Son mérite est d’autant plus grand que son adversaire est lui aussi un grand espoir du tennis mondial. Un peu plus âgé (22 ans), un peu moins bien classé (38e), Karen Khachanov incarne avec Zverev et quelques autres, presque tous d’origines russes (Denis Shapovalov, Igor Rublev, Daniil Medvedev, Stefanos Tsitsipas), une nouvelle génération de joueurs, très grands (entre 1,95 m et 2 m), avec beaucoup d’envergure et cependant rapides, endurants, puissants. Ça frappe au service, ça cogne en coup droit, ça court partout, longtemps. Toni Nadal ajouterait que ça ne réfléchit pas beaucoup.
Poussé par le public
C’est vrai pour Khachanov, impressionnant lorsqu’il gifle son coup droit ou décolle les deux pieds du sol pour appuyer son revers mais beaucoup moins lorsqu’il faut bien négocier les points décisifs. Il flancha ainsi sur son service dans le tie-break du deuxième set (perdu 7-4), puis manqua quatre balles de break dans le quatrième set (seulement 5 converties sur 17 dans la partie).
Plus complet, Sacha Zverev s’en est sorti autant avec la tête qu’avec les jambes. «J’ai mieux joué à partir du quatrième set. Là, je me suis dit que j’allais pouvoir retourner le match.» Malgré sa jeunesse et son manque relatif de vécu, Zverev sut puiser dans le registre des émotions et actionner le ressort du public. «J’essayais de gagner et de me motiver, justifia-t-il en salle de presse. J’étais dans un jour où j’avais besoin d’être poussé. Il fallait que j’aie le public avec moi. Je pense avoir réussi.»
«Pas là pour apprendre»
Quelqu’un lui demanda s’il avait l’impression d’avoir appris quelque chose sur lui-même ce dimanche sur le court Suzanne-Lenglen. «Je sais qui je suis.

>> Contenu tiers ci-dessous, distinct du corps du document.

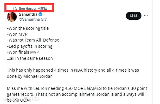 随后他还转发了一条球迷的言论,那位球迷写道:“在同一个赛季,拿下得分王、拿下常规赛MVP、入选最佳防守阵容一阵,成为季后赛得分王、赢下总决赛MVP,NBA历史上只发生过4次,而这4次都是迈克尔-乔丹创造的。詹姆斯多用了450场比赛,才追平了乔丹的得分30+纪录,这让我很失望,这根本算不上什么成就,乔丹现在是,也永远是GOAT(史上最佳)。”
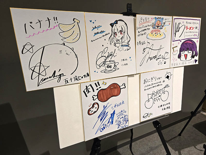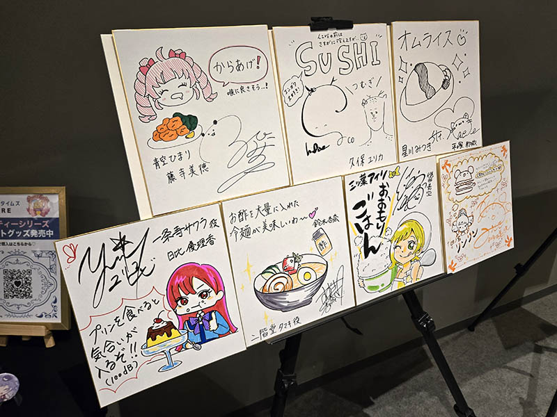そして物販スペースの列の横に、キャストが気合いを入れるときに食べる食べ物を描いた色紙が展示されています。前述の通りパンフレット内に掲載されているものの原画なので、物販スペースに展示されているのだと思いますが、物販に寄らないと見逃しちゃいますね。
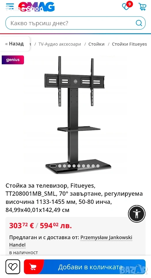 Стойката за телевизор FITUEYES предлага надеждно и гъвкаво решение за позициониране на екрани с големи размери (от 50 до 80 инча), без необходимост от пробиване на стени. За разлика от моделите със стъклена основа, този продукт се отличава с изцяло метална конструкция и масивна желязна база ("Iron Base"), гарантираща изключителна устойчивост и безопасност. Дизайнът е оптимизиран за функционалност, позволявайки прецизно настройване на ъгъла на виждане и височината, като същевременно осигурява естетичен и подреден вид на пространството.
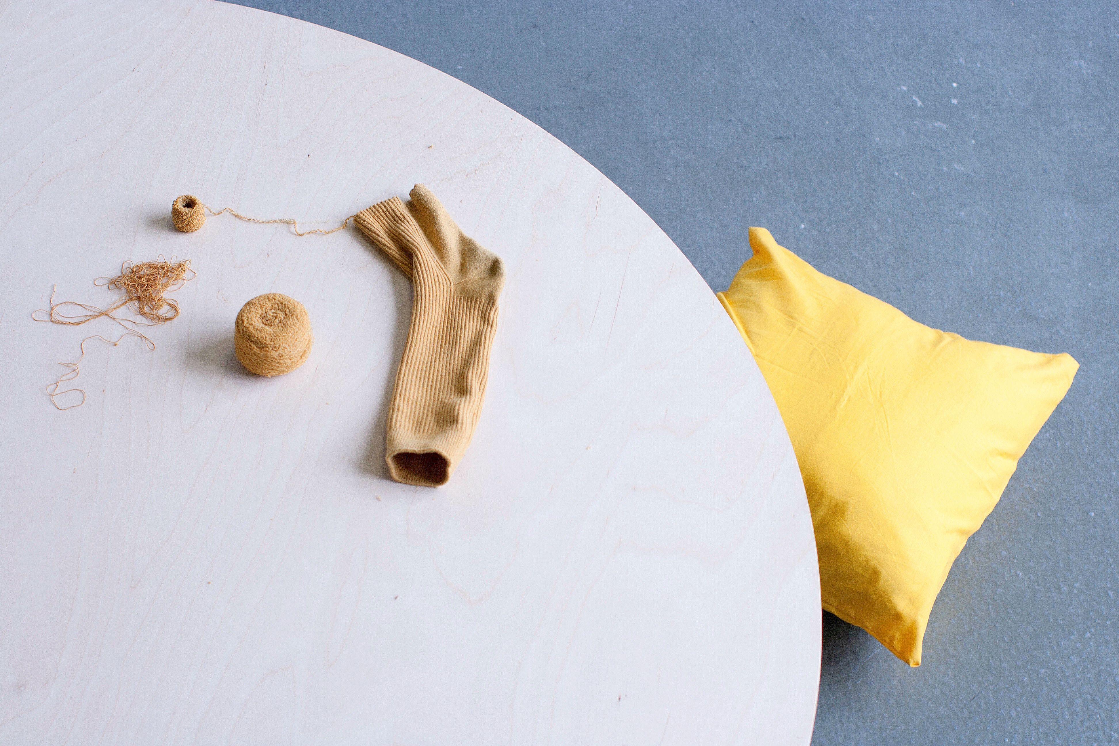 From encounters with nomadic lives, I gathered garments and textiles, objects worn close to the skin, charged with use and memory. Through unravelling, spinning, and weaving, each piece was released from its former form and joined with others.
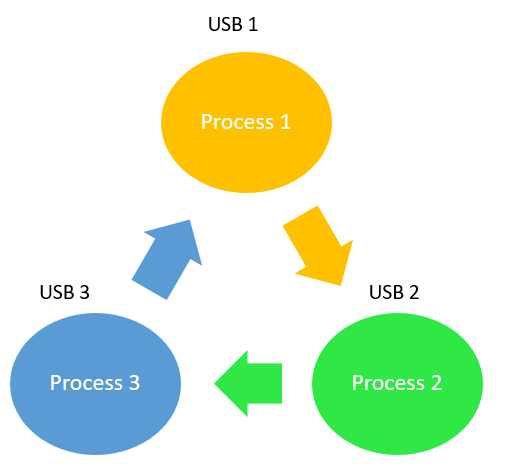 For example, a computer has three USB drives and three processes. Each of the three processes able to holds one of the USB drives. So, when each process requests another drive, the three processes will have the deadlock situation as each process will be waiting for the USB drive to release, which is currently in use. This will result in a circular chain.
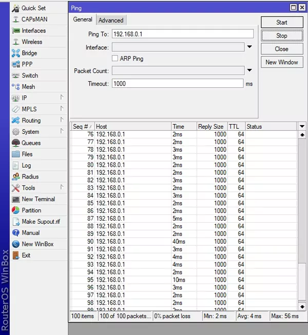 Ping test 100x met packet size 1000

Je ne suis pas là pour apprendre mais pour trouver un chemin. J’ai su quoi faire au cours de ces derniers matches.» Une réponse sèche, un brin arrogante, mais révélatrice de la force et de la détermination qui le portent dans ce tournoi. «Bien entendu, je suis content mais ce n’est pas la fin. Ce n’est que le quart de finale. Ce n’est pas dimanche… Enfin si, c’est dimanche, mais pas le deuxième dimanche.» Celui où il aura une chance de retrouver Rafael Nadal.
D’ici là, Alexander Zverev aura fort à faire en quart de finale face à Dominic Thiem. L’Autrichien a sorti le Japonais Kei Nishikori en quatre manches (6-2 6-0 5-7 6-4). Zverev l’a battu récemment en finale à Madrid mais il mène 4-2 dans leur face-à-face. «C’est la rencontre que la plupart des fans en Autriche et en Allemagne attendaient», se réjouit Dominic Thiem, déjà deux fois demi-finaliste ici en 2016 et 2017. «Le moment est venu pour moi de passer à l’étape suivante. Je vais avoir 25 ans, il n’en a que 21.» L’avènement de Sacha Zverev est programmé depuis si longtemps qu’on l’aurait presque oublié. A Roland-Garros, il est le plus jeune quart-de-finaliste depuis Juan Martin Del Potro en 2009.
Une victoire genevoise sous la tour Eiffel
Petite éclaircie dans la grisaille suisse cette année à Roland-Garros: la victoire du Genevois Kilian Feldbausch aux Future Tennis Aces, un tournoi sur invitation organisé par Longines et réservé aux moins de 13 ans. Le tableau était composé de 20 joueurs de 20 nationalités différentes, désignés par leur fédération. Champion de Suisse de sa catégorie, Kilian Feldbausch (TC Genève) est le fils de l’ancienne joueuse italo-genevoise Cathy Caverzasio, 34e mondiale en 1990.
Lors de la finale, jouée sous la tour Eiffel, le Genevois a montré beaucoup de calme et d’intelligence de jeu, impressionnant même Steffi Graf, avec laquelle il joua un double mixte contre Andre Agassi et la vainqueur du tournoi féminin, l’Espagnole Victoria Jimenez. A cet âge pré-adolescent, il est difficile de dire si Kilian Feldbausch persévérera dans le tennis. La bourse reçue à Paris (2000 francs par saison pendant trois ans) lui permettra de financer quelques tournois à l’étranger.